Отец был скромного происхождения. Дед Куприна по отцовской линии служил в Спасской больнице подлекарем (то есть помощником лекаря, фельдшером)[6] и дослужился до чина коллежского регистратора[7]. Коллежским регистратором был и сам Иван Иванович, а это низший гражданский чин XIV класса в Табели о рангах. Иван Иванович был тем «маленьким человеком», на котором русская литература XIX века сделала себе мировое имя (вспомним пушкинского Самсона Вырина). Куприн-младший потом, как ни старался, не мог придумать об отце ничего интересного. Как-то, впрочем, сообщил приятелю: «...об отце вскользь упомянул — “титулярный советник”»[8]. Это невинная ложь: Александр Иванович продвинул отца по служебной лестнице всего на два чина вперед, от XIV к XI классу. В этой фантазии Иван Иванович Куприн все равно остался «маленьким человеком»: «вечным титулярным советником» был и гоголевский Акакий Акакиевич Башмачкин, и Макар Девушкин Достоевского.
Ну мог ли коллежский регистратор Иван Куприн подумать, что его фамилия когда-нибудь станет знаменитой? Тем не менее станет. И его сын будет задыхаться от ярости, слыша, что кто-то неправильно ее произносит, ставя ударение на первом слоге. «Я — Куприн и всякого прошу это помнить, — взвивался он. — На ежа садиться без штанов не советую»[9]. А потом и легенду сочинит, одну из многих: «Дед мой был выходец из Тамбовской губернии, где имел небольшое имение на реке Купре. И все его родичи в своей фамилии ударение делали на последнем слоге — Куприн»[10]. Куприноведы занимались этим вопросом. Утверждают: не было такой речки и нет, а фамилия, скорее всего, произошла от крестильного имени Куприян (сокращенно Купря). Поэтому современники писателя автоматически ставили ударение на первом слоге.
Итак, отец для жизнетворчества не подходил. Мать писателя, Любовь Алексеевна, — другое дело. По отцу она была княжеских кровей: род Колунчаковых (Кулунчаковых, Каланчуковых) вел свое начало от ордынского князя Кулунчака Еникеева, жившего в XVI веке, наследственно княжившего в Темникове.

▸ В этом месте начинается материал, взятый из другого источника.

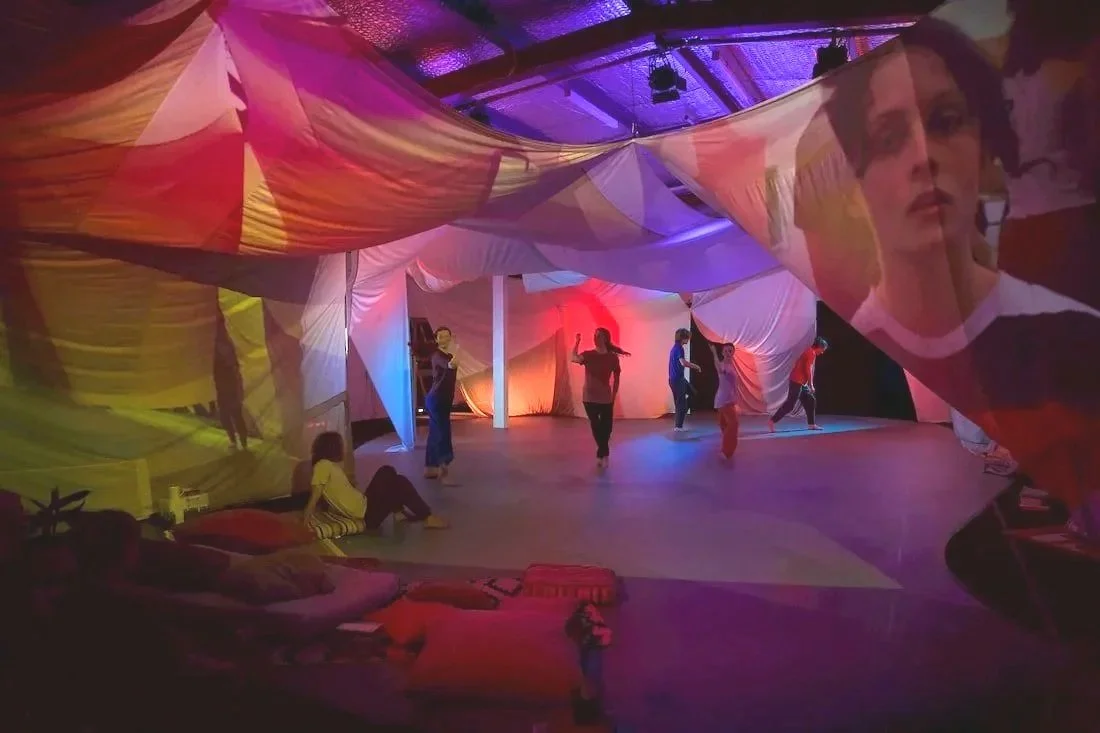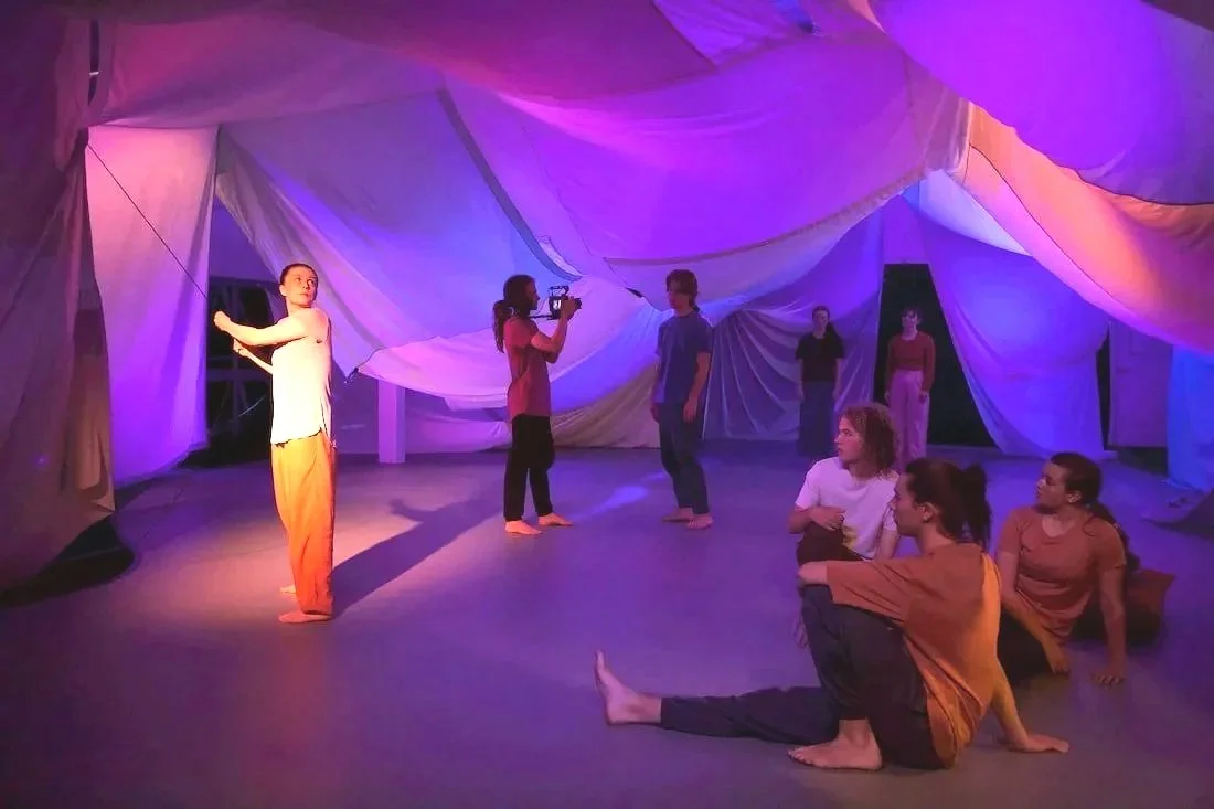8 young people were given the task: to create the best Tent that they could using a complex set of ropes and pulleys, and a huge patchwork of recycled sheets.

Не довольствуясь этим, Куприн нет-нет да и заявлял, что он «потомок Ланг Темира»[11]. Ему нравилась девичья фамилия матери: «колунчак» («колынчак», «колынча») означает «стригунок» (годовалый жеребенок). Александр Иванович даже придумает себе герб, жеребенка на зеленом фоне, и напишет Ивану Бунину, что это геральдика «от помещичьей души моей матери — принцессы Кулунчаковой». Безусловно, коллежский регистратор Иван Куприн был не ровня «принцессе», но ее родители совершенно обеднели.
После венчания Куприны жили в Спасске, затем в Зубове, где в 1859 году родился и очень скоро умер их первенец, сын Сергей. В 1860 году они переехали в Наровчат, купили усадьбу на центральной Сенной площади. Здесь родились дочери Софья (1861) и Зина (1863), второй сын Иннокентий (1865). Он также не выжил.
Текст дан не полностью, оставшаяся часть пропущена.